___ EXERCISE DATA

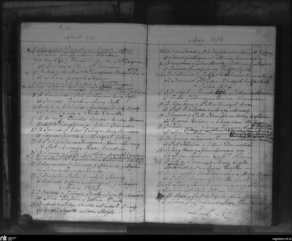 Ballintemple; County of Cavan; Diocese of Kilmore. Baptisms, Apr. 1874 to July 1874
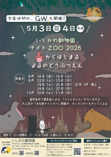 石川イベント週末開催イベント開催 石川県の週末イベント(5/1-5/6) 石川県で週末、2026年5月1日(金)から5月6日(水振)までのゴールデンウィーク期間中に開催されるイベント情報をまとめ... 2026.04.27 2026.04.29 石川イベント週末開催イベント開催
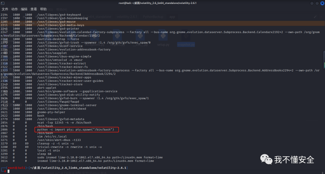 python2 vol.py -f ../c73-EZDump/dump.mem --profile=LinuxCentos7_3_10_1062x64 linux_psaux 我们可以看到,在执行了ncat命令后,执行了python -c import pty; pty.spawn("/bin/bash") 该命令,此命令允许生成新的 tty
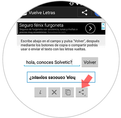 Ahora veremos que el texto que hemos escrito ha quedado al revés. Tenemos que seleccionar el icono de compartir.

______

Excluding the pictures, retype the line containing "python2 vol.py -f" and all lines after it down to the end of the data above.

 python2 vol.py -f ../c73-EZDump/dump.mem --profile=LinuxCentos7_3_10_1062x64 linux_psaux 我们可以看到,在执行了ncat命令后,执行了python -c import pty; pty.spawn("/bin/bash") 该命令,此命令允许生成新的 tty
 Ahora veremos que el texto que hemos escrito ha quedado al revés. Tenemos que seleccionar el icono de compartir.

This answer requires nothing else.